The USS Indianapolis remembered . . .



by kent ballard

Slowly pulling into a darkened San Francisco Navy Yard on a sweltering night in July, 1945, the deck crew of the heavy cruiser USS Indianapolis noticed something odd about the scene before them. Their dock looked unusually quiet. In fact, it appeared deserted. There was none of the usual hustle and around-the-clock work in sight. Two trucks pulled up alongside the cruiser. From one, a heavy crate was hoisted aboard and immediately secured in the ship's port hanger.
Crewmen saw several men get out of the other truck. From its rear, they withdrew a three foot square, four foot long metal canister that was carried up the gangplank by Army officers. Officers? Lugging cargo? What's going on here?

The USS Indianapolis had seen more combat in World War II than most ships, and had served as the flagship for the Fifth Fleet under Admiral Raymond Spruance. She'd fought the Imperial Japanese from the Aleutian Islands to Tarawa, Iwo Jima, Okinawa, and all across the Pacific. She was not a ship bound for glory, she was already covered in it, having been awarded ten combat stars for her valorous duty in the war. But she was about to embark on a mission unlike any other, for the few crewmen who could see what was taking place noted that canister which had been carried aboard the ship by Army officers was now being welded to the deck in Admiral Spruance's personal quarters. Not tied. Not strapped. Welded to the deck floor. In the Admiral's cabin, no less.

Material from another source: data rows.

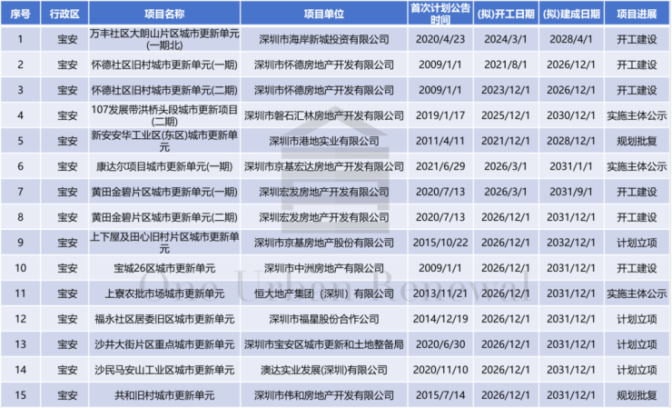 宝安区共15个项目入选。其中,有4个项目计划立项,2个项目取得规划批复,3个项目实施主体公示,6个项目开工建设。
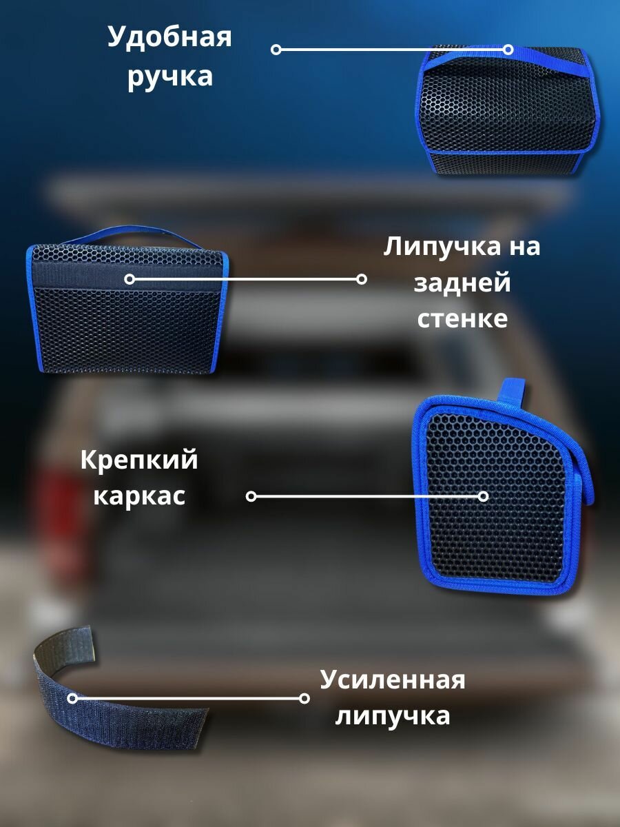 СохранитьОрганайзер автомобильный SaVakS 35х25см из ЭВА в багажник черный с синей окантовкой, Ева, Eva интересное:
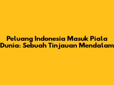 Guys, mari kita bicara tentang mimpi yang membara di hati setiap pecinta sepak bola Indonesia: peluang Indonesia masuk Piala Dunia. Sebuah impian yang tak lekang oleh waktu, selalu menjadi bahan perbincangan hangat di warung kopi, di media sosial, bahkan di bangku sekolah. Pertanyaannya, seberapa besar sih sebenarnya peluang Indonesia lolos ke Piala Dunia? Apakah ini hanya angan-angan kosong, ataukah ada harapan nyata yang bisa kita genggam?
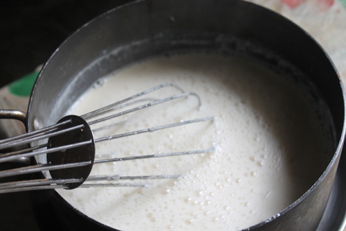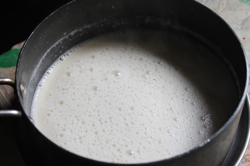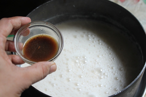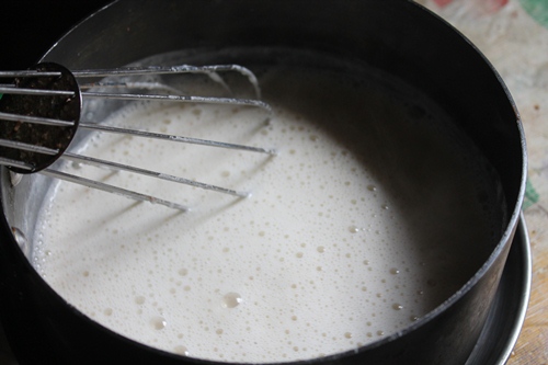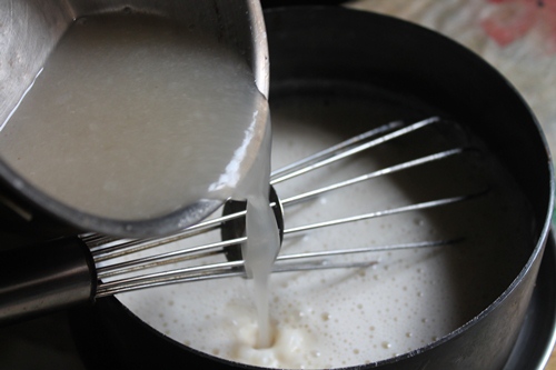 - Pour this china grass mix into the milk and heat it gently so the mix gets hot and whisk well.
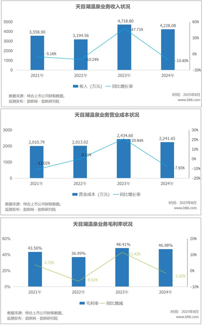 温泉业务实现营业收入4228.08万元,同比上年下降10.40%。营业成本为2241.65万元,同比下降7.93%。毛利率46.98%,同比下降1.42个百分点。
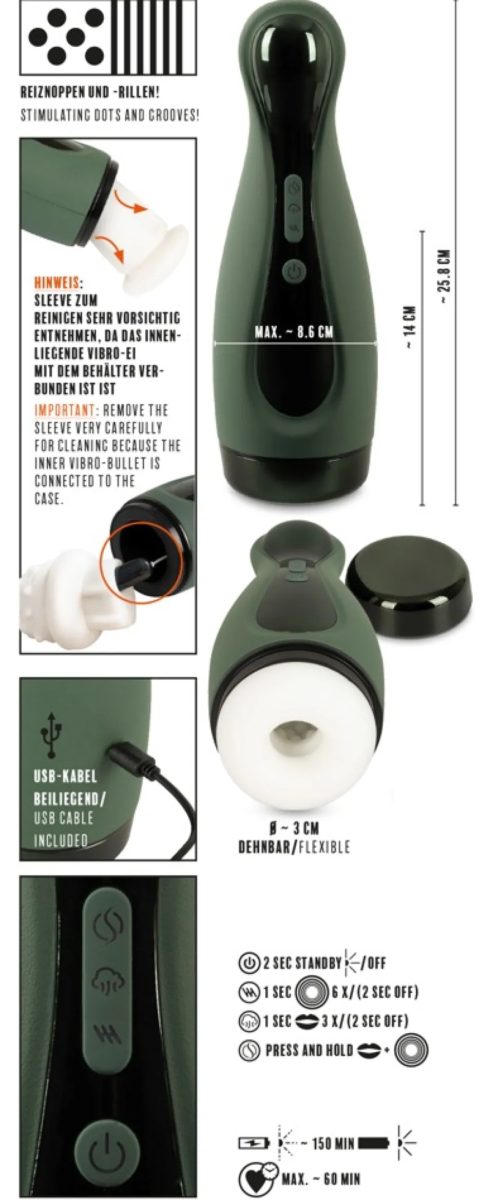 Der Innensleeve ist mit unzähligen weichen Massagenoppen und -rillen bestückt und für die einfache Reinigung herausnehmbar. Der Masturbator lässt sich (staub)sicher und diskret mit der beiliegenden Schutzkappe verwahren.
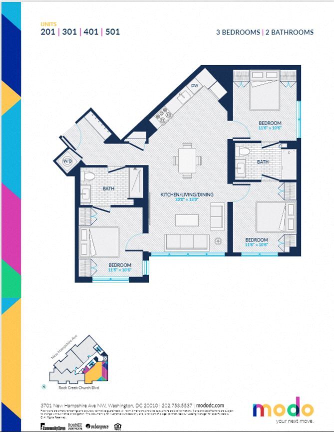 MODO is a brand new boutique building steps from the Petworth Metro featuring all 3 bedroom apartments with roomy living, dining and communal areas and top of the line finishes. Featuring custom built-in cabinets, closets and abundant storage. All homes come with an installed jumbo flat screen TV. Amenities include a roof terrace with a bar, ample seating areas, grilling station and Monument views. The penthouse media lounge room is perfect for gathering with friends or working remotely with many seating areas and bar area options. Package/delivery room and secure entry access.
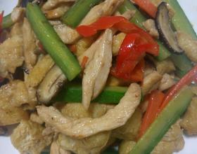 黄瓜、胡萝卜切条,香菇切片,红辣椒切丝,油豆泡切开
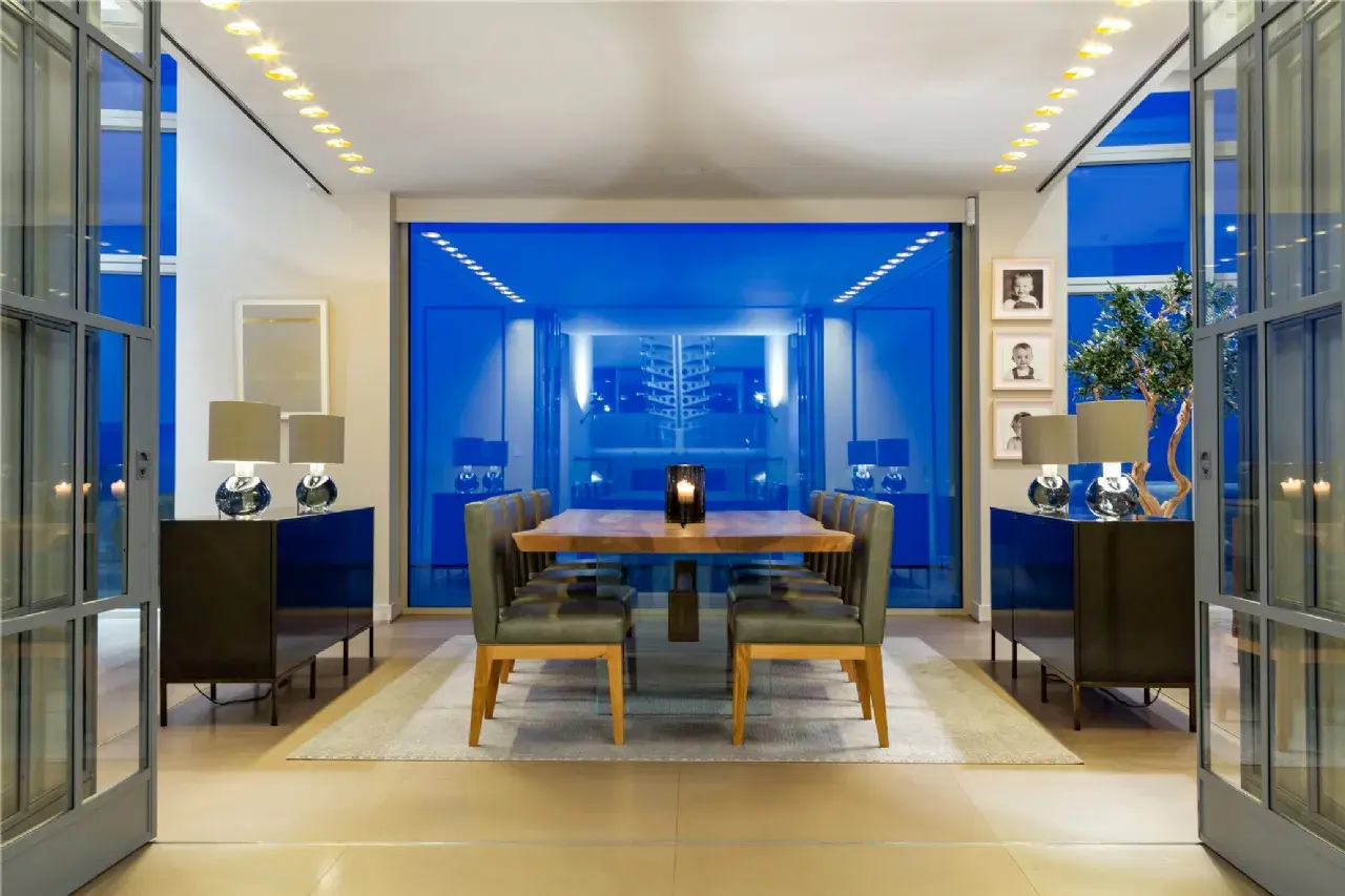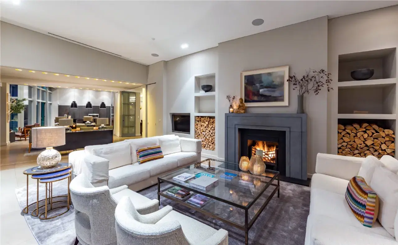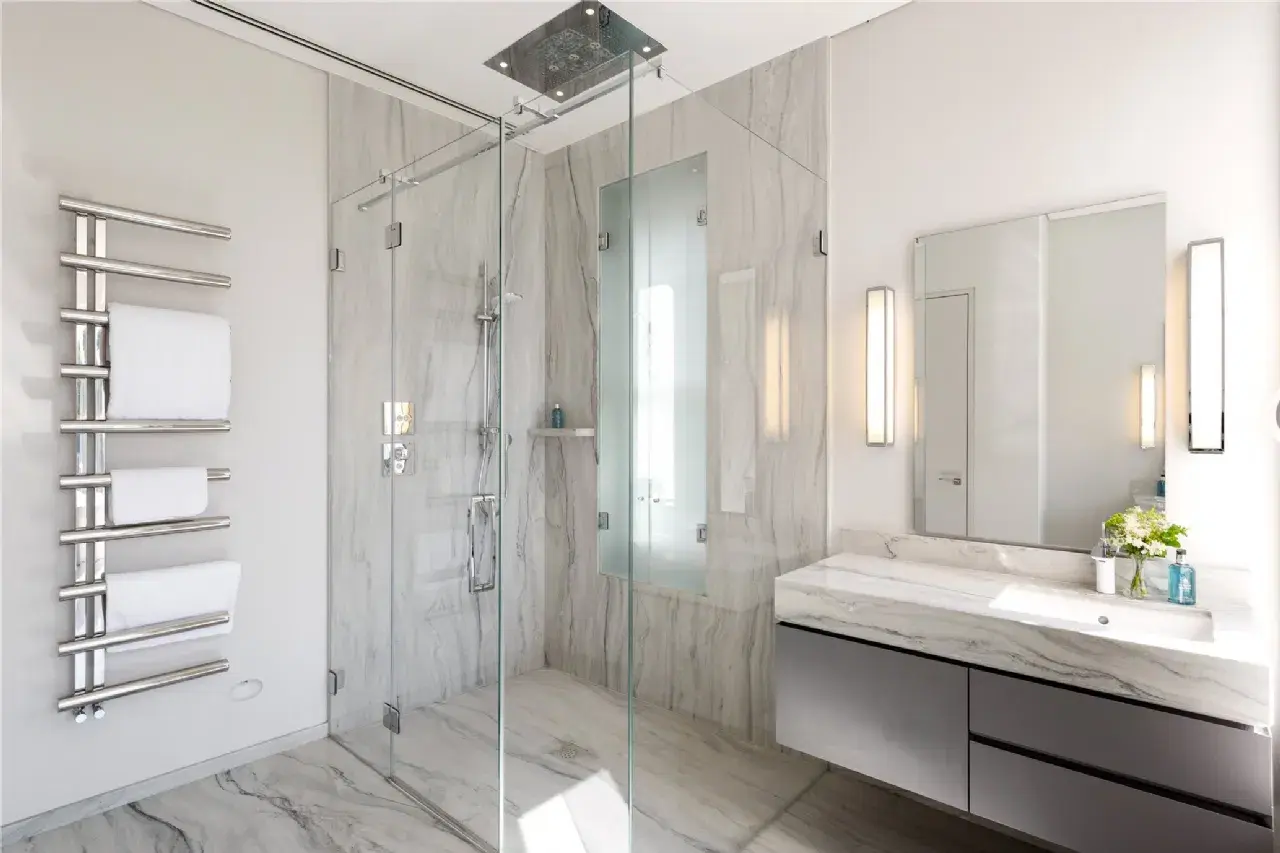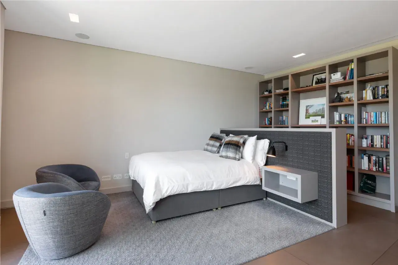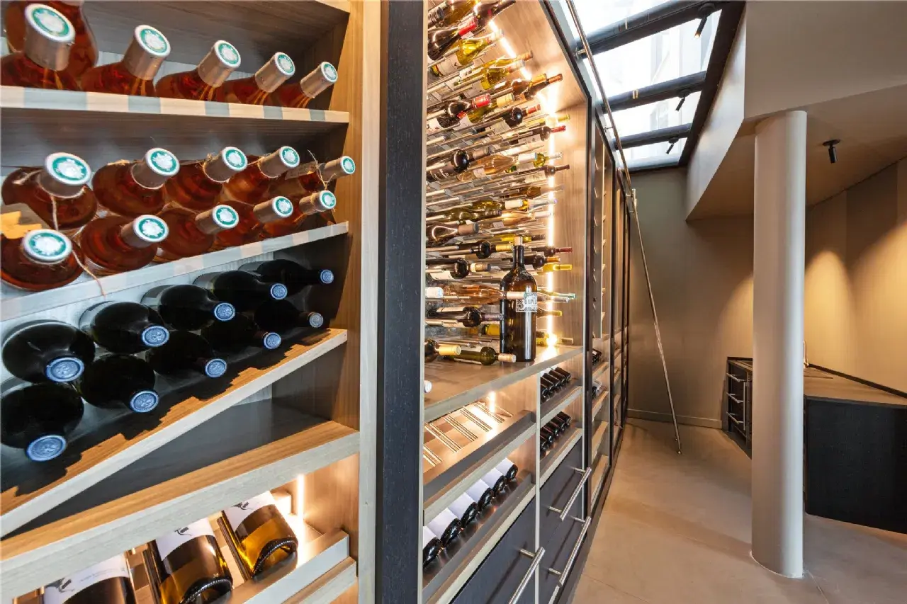 The deceptively spacious garage includes double entrance doors and an electronic lift parking system that can accommodate up to four cars. Elsewhere, an architecturally detached structure in the lower part of the garden merges the bright and airy gym area with refreshing shower facilities.

Captain Charles Butler McVay, in command of the Indianapolis, held a brief meeting with his senior officers. Truthfully, he told them even he didn't know what their cargo was, but they were going to be sailing at full speed. He had been notified, in no uncertain terms, that every day they could take off their voyage would shorten the war by a day. He also told them in the event of any emergency that canister was to go into a lifeboat before any crewman. He'd been ordered to tell them that. They were to get underway immediately. The Indianapolis slipped away from the San Francisco Navy Yard on July 16th and began steaming west into the Pacific Ocean.

They quickly refueled at Pearl Harbor, then set course for a bulldozed lump of coral atoll known as Tinian, setting a speed record from Pearl to the huge B-29 base on that island, the Indianapolis' engines thundering flawlessly all the way.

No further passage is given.